> **RECORDS SUPPLIED**
[Start of section]

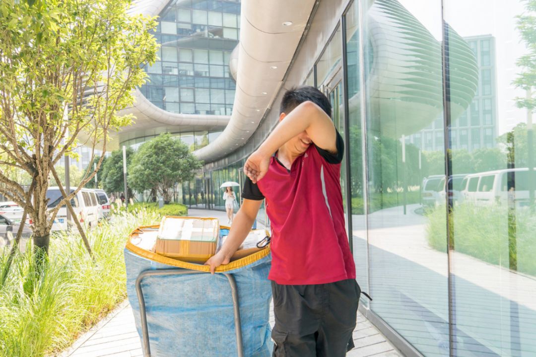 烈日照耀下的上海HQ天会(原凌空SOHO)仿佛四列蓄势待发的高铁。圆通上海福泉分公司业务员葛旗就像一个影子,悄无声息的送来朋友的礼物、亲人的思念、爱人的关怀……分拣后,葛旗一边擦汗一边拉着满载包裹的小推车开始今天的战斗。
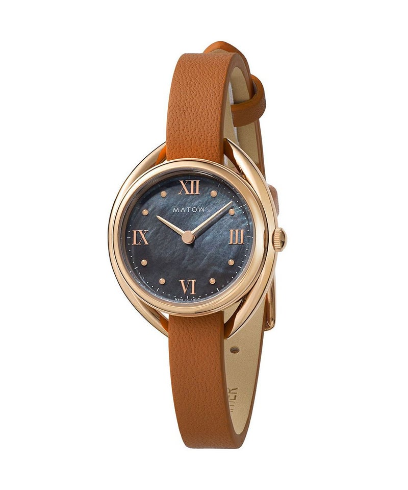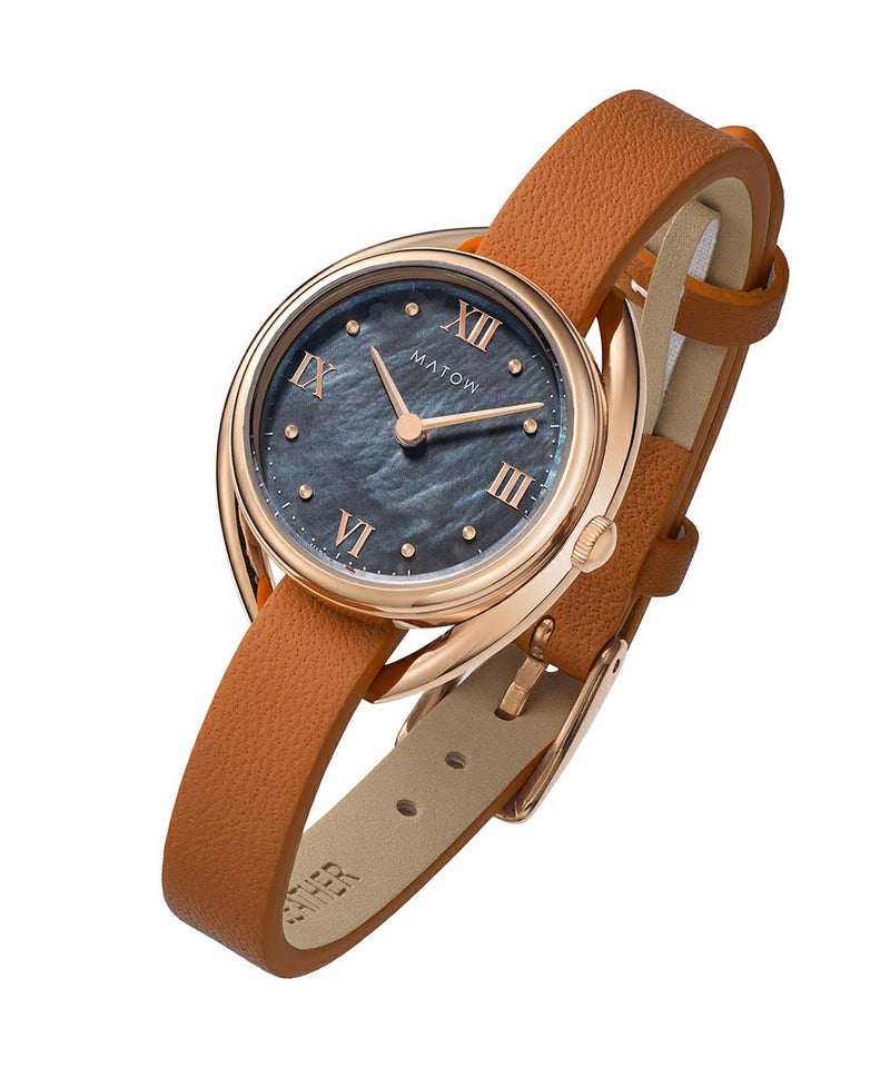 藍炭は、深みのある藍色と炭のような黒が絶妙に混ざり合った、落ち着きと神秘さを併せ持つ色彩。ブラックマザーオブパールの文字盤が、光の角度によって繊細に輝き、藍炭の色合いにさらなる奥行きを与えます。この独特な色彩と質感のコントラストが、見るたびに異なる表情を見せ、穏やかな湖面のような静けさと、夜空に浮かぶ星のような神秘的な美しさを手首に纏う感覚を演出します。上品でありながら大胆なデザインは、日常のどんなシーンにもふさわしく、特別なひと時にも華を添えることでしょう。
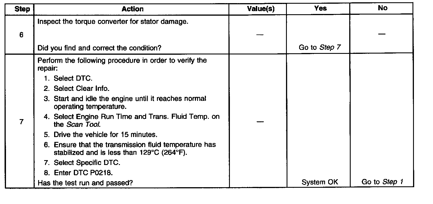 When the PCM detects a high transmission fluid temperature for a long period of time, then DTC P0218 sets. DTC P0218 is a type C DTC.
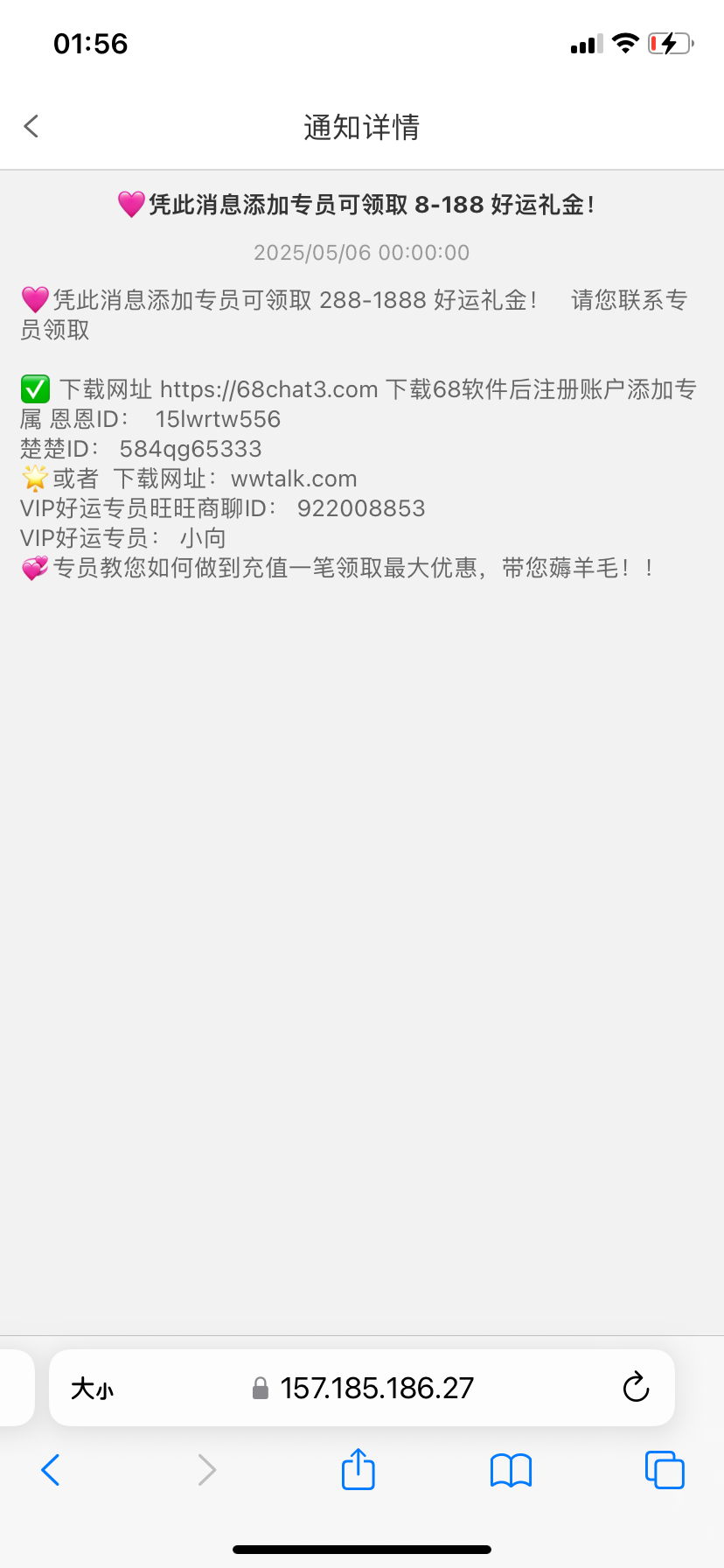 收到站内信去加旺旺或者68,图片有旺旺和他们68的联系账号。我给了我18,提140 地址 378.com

[End of section]
[Start of section]

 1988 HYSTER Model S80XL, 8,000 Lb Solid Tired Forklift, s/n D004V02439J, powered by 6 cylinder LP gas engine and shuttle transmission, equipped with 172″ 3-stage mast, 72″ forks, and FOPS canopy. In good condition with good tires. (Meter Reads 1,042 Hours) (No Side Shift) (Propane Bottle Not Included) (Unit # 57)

[End of section]

> **WHAT IS REQUIRED**
Only one part of the listing is wanted: the lines from the one containing "When the PCM" through the one containing "收到站内信去加旺旺或者68,图片有旺旺和他们68的联系账号。我给了我18,提140 地址 378.com", both included. Please transcribe it exactly, leaving out the pictures.

> **RESPONSE BELOW**
 When the PCM detects a high transmission fluid temperature for a long period of time, then DTC P0218 sets. DTC P0218 is a type C DTC.
 收到站内信去加旺旺或者68,图片有旺旺和他们68的联系账号。我给了我18,提140 地址 378.com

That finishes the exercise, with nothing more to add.